Dear,

I wrote a code to estimate the overlap between two kernel distributions. The script must estimates the overlap among each columns of data frame. With S sampled species (columns) in my data frame, I want obtain S(S-1)/2 pairs of overlap values between species. However, the code is not well write at all (only an overlap value is produced) and I can't find the solution.

To illustrate the calculations, I use the data frame "tdon" and the value of the bandwidth "h", which was estimated in other part of script.

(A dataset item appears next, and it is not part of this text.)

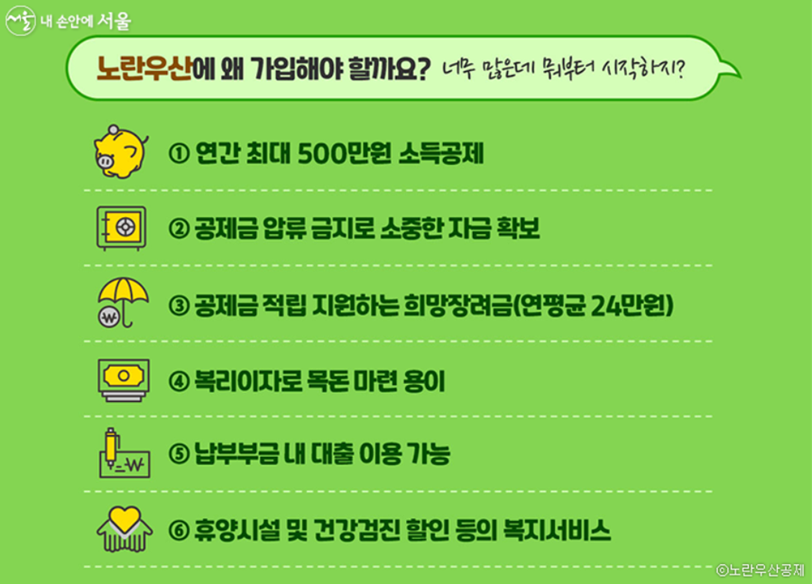 - 노후 대비: 소상공인과 자영업자가 일정 금액을 납입하면, 퇴직 시 일시금이나 연금 형태로 받을 수 있습니다. 이를 통해 안정적인 노후 생활을 준비할 수 있으며, 예기치 않은 상황에서도 일정한 소득을 보장받을 수 있습니다.

tdon <- data.frame (sp.1=c (5 ,9 ,NA ,5, 11) , sp.2=c (4, 2, 4, NA, 11, ),sp.3=c(5, 4, 2, 6, 13), sp.4=c(3 , 11, NA, 5, 3), sp.5=c(2 ,5 ,2, 9, 9))

*> h
*

[1] 1.047 2.973 0.887 1.520 2.955

Here is the code:

for (i in 1:(nbcol-1)) # nbcol<-ncol(tdon)

{tdon1<-tdon[,i]

tdon11<- subset(tdon1,tdon1!="NA")

fctk1<-function(x)

{density (tdon11, bw=h[i], kernel="gaussian")$y}

for (j in (i+1):nbcol)

{tdon2<-tdon[,j]

tdon21<- subset(tdon2,tdon2!="NA")

fctk2<-function(x)

{density (tdon21, bw=h[j], kernel="gaussian")$y}

diffctk<-function(x) {abs(fctk1(x)-fctk2(x))} intctk<- approxfun (diffctk(x), rule=2) int<- integrate(diffctk,-Inf,Inf)$value overlap<- 1 - 0.5* int } }

The use of "approxfun" to integrate the difference in the estimated density values (my "diffctk" function) was suggested by Thomas Lumley, but I'm not sure that I have found the solution or if this solution is correct for my problem.

I need that the "overlap" produce a vector with the length equal to 10, with all pairs of overlap values.

Any help or advice on improvement for this code will be appreciated.

With kind regards,

Rogério